The top-left-hand corner of the screen contained a camera view of the driveway. An unmarked Ford Interceptor with flashing grille lights was parked at the top of the driveway, along with a SWAT van and two other unmarked vehicles. Plainclothes officers and SWAT stood armed and ready in a wash of light from blue-and-whites.

The driver’s side door for the Interceptor swung open. Fletcher tapped a key. The computer window enlarged and he saw a tall, burly man who hadn’t bothered to have his navy-blue suit properly tailored; the jacket had a tent-like effect on his stature. One look at his face and Fletcher knew this man was too young to be the one in charge.

But the gentleman unbuttoning his dark grey overcoat could very well be.

Diminutive in both size and shape, this man had his back turned to the driveway’s security camera. He had a folder tucked under his arm and stood a few feet away from the car, speaking to a cluster of law-enforcement officers.
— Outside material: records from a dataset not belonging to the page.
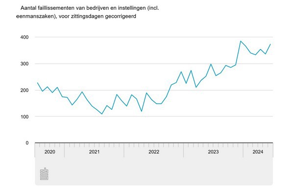 In juni zijn, voor zittingsdagen gecorrigeerd, 37 meer bedrijven failliet verklaard dan in mei, meldt het CBS. Dat is een stijging van 11 procent. In het eerste halfjaar van 2024 zijn er 40 procent meer bedrijven failliet verklaard dan in dezelfde periode een jaar eerder. Het aantal faillissementen was ook hoger dan in dezelfde periode van de laatste drie jaar voor corona (2017-2019).
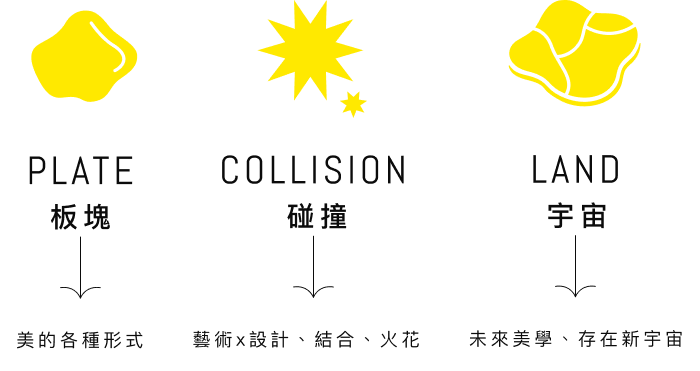 美具有各種形式,如同板塊一般,需要經過碰撞、結合與熔鍊,才能創造出不同的藝術 × 設計樣貌。
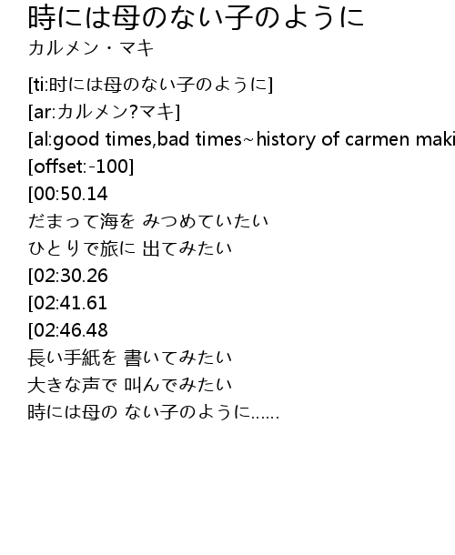 | [00:29.00][00:50.14][01:47.80][02:08.69] | 時には母の ない子のように |
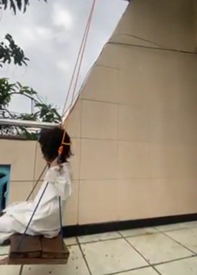 A young girl is shown sitting on a wooden swing on a tile patio. She is wearing a white outfit. The swing is suspended by orange and blue ropes attached to the building’s overhang. The sky is overcast. In the background is a cream-colored tiled building wall with a tree visible to the left. She is facing left and smiling. She appears to be singing.
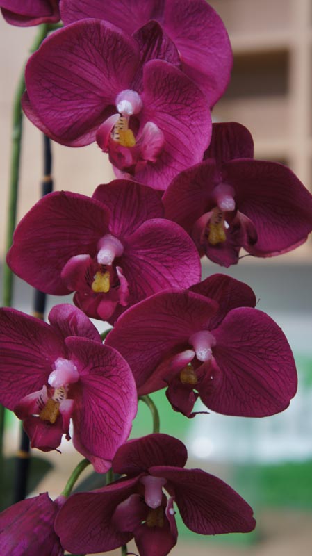 3 Stiele Orchideen/Phalaenopsis an Bambusstäben, Blüte mit Silikonfinish in purpurrot mit
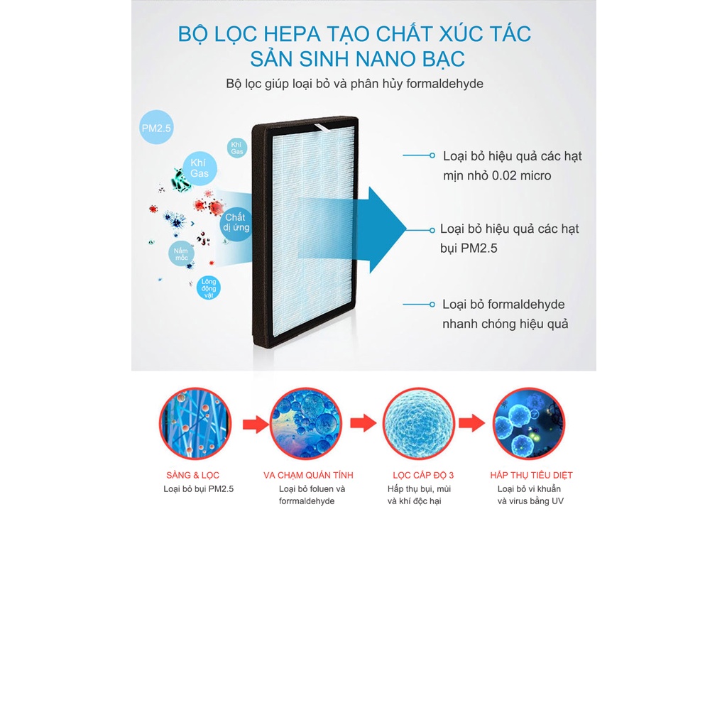 Màn hình hiển thị độ nét cao, lọc nhanh, lọc công nghệ HEPA, giải phóng ion oxy âm, chế độ ngủ + chức năng hẹn giờ, lưu thông gió ba chiều
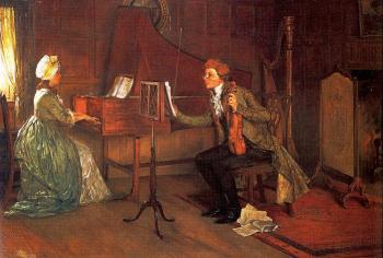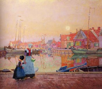 A Dutch Fishing village At Dusk With Figures On A Quay
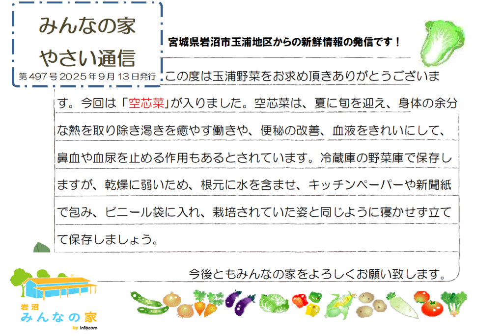 この度はみんなの家の直売野菜をお求めいただきましてありがとうございます。
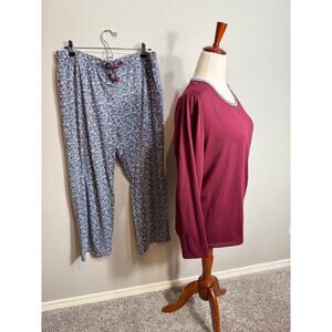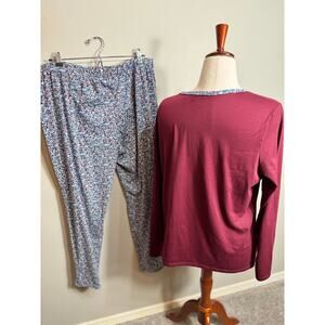 Lands' End sleep set maroon long sleeve top & floral pull on pants stretch Sz L
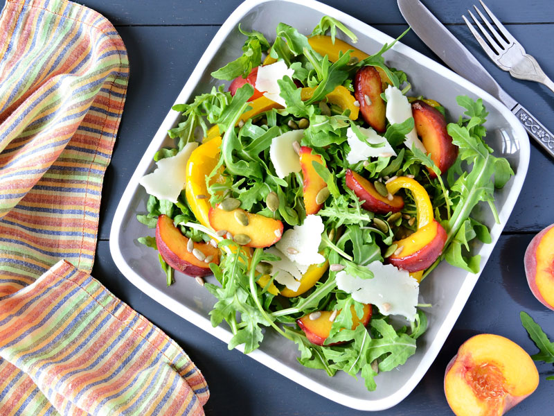 Yapılışı: Şeftaliler dilimlenir. Rokalar yıkanır ve doğranır. Diğer malzemelerin yanına alınır ve karıştırılır. Zeytinyağı, tuz ve balzemik sirke ile hazırlanan sos salataya dökülür. Afiyet olsun.
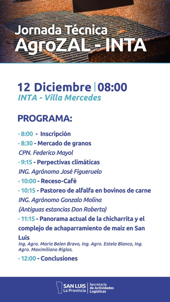 El encuentro se desarrollará desde las 8 del 12 de diciembre próximo en la Estación Experimental del INTA, ubicada en el cruce de las rutas nacionales 7 y 8, en Villa Mercedes.
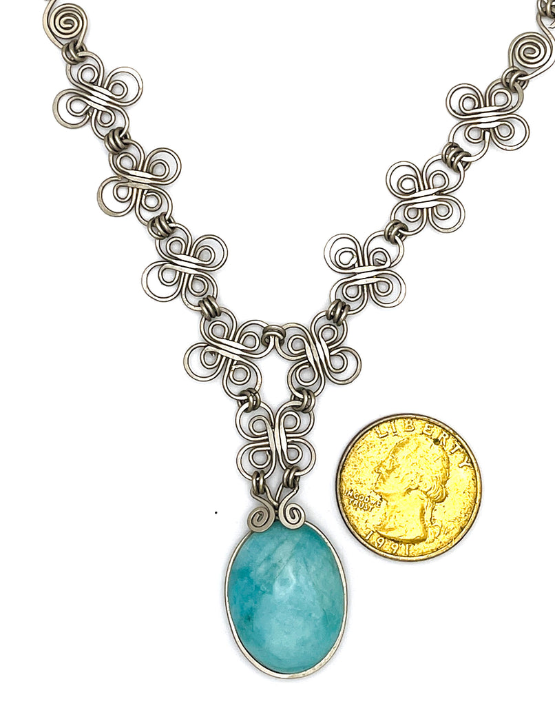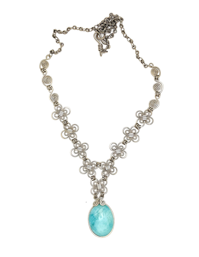 Amazonite stone from Bolivia in alpaca silver. It is a metal of the result of the combination of 50% of silver with 50% of copper. It is waterproof and adjustable. Amazonite is an excellent stress reliever. Amazonite can tackle a wide array of emotions, but it’s most effective on fear and timidness. Fear is the enemy of maturity and development. Your inhibitions about new life experiences do nothing but hold you back in life. Even if you’re not outwardly afraid, those deeply rooted feelings of self-doubt and worry will prevent you from living your truth.
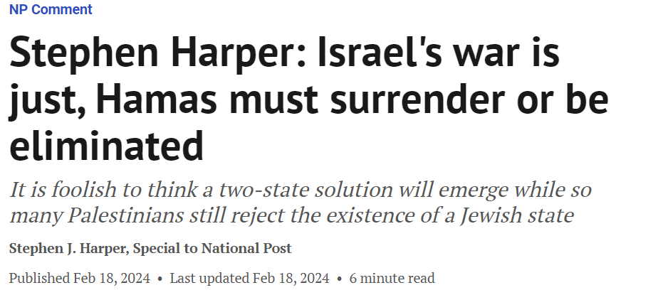 The National Post gave lots of space to former Prime Minister Stephen Harper on February 20th to offer his justification for what he called Israel’s “Just war”.
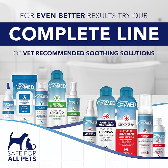 • Oxymed - For total care use with Oxymed’s ear cleaner, soothing lotion, tear stain remover and wipes.
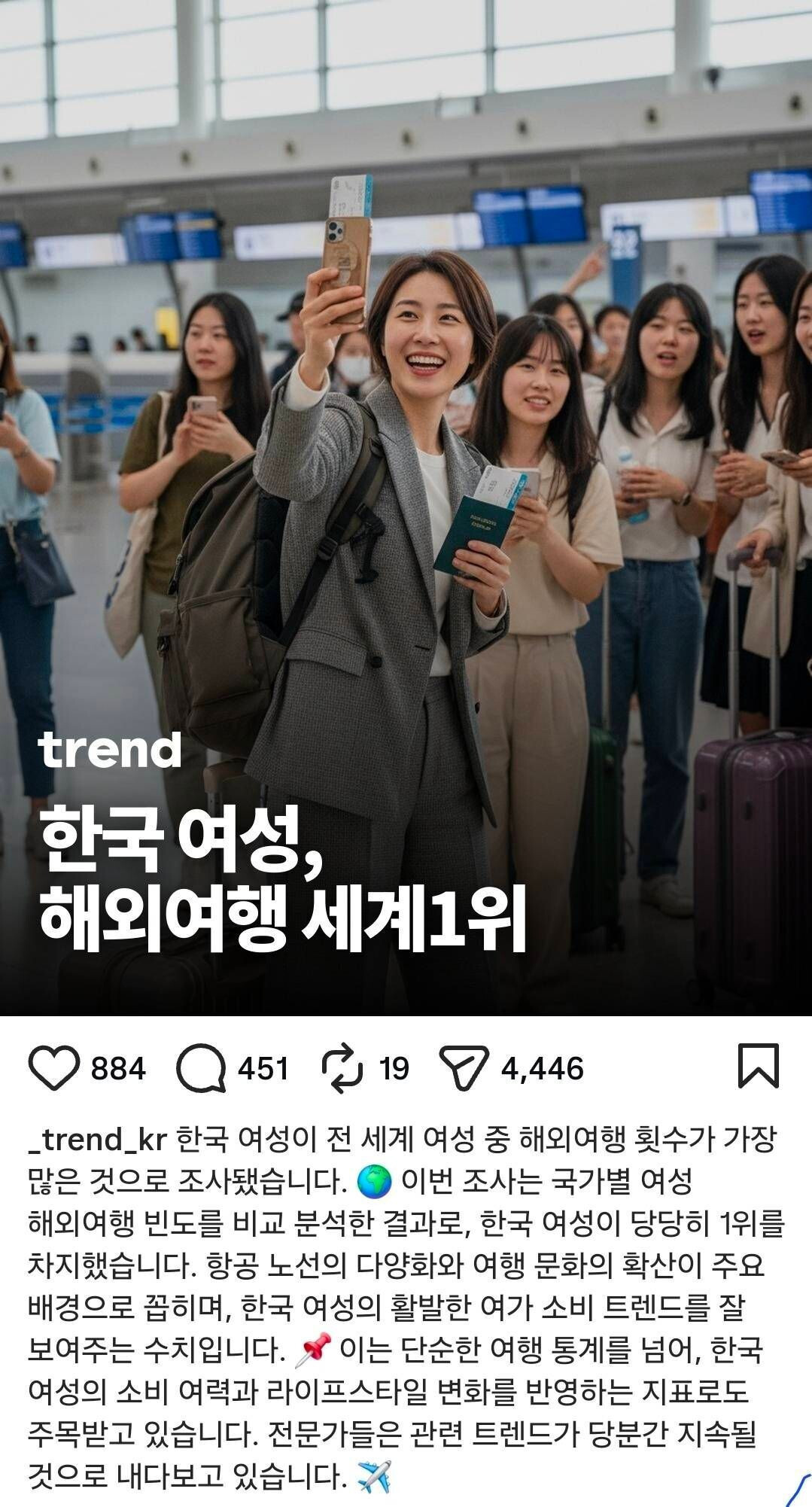 한국여성 해외여행 세계 1위라니 역시 큰 일은 한녀가 한다

Fletcher couldn’t hear what was being said, but he had a clear view of the faces staring down at the Napoleonic man, and they all seemed displeased at having him in their presence; a federal agent, perhaps. That would explain the wide berth they had given him. A federal presence in a local investigation was treated with the same distant contempt as a leper at a skincare clinic.

The man brushed past the group and disappeared from the computer screen.

Fletcher found him a moment later, standing inside the living room and slicking back his grizzled, windblown hair with his long and delicate fingers. He wore a pair of aviator-style sunglasses. Fletcher was about to zoom in on the face when the man darted up the stairs.

Fletcher switched to the camera showing a view of the upstairs hall. The small man had taken off his sunglasses. The folder that had been tucked under his arm was now gripped in a gloved hand. Fletcher saw the federal badge hanging on the man’s belt, stared at it as he walked across the hall, on his way to speak to Ali Karim.

54

Fletcher felt as though he were an invisible spectator standing in the back of the treatment room. On the computer screen he watched as the federal agent stepped inside with a companion he’d picked up along the way — another Hostage Rescue operator, this one tall and burly, his face and head covered with a balaclava and a tactical helmet. Unlike the other operators, he wore a tactical backpack. Clipped to its side was a military-grade gas mask, one equipped with the new voice-amplification system. Fletcher, his senses vibrating like a tuning fork, was set to register any anomaly.

The two operators guarding Karim left the room. The new operator had his HK aimed at Karim, who was still lying face down on the floor. The federal agent conducted a leisurely examination of the room’s bloodstained items. When he turned to the bed where Nathan Santiago had been treated, Fletcher got his first solid, clear view of the man’s features — the razor-thin lips, weak jawline and pronounced forehead. The man appeared to be somewhere in his late forties to early fifties.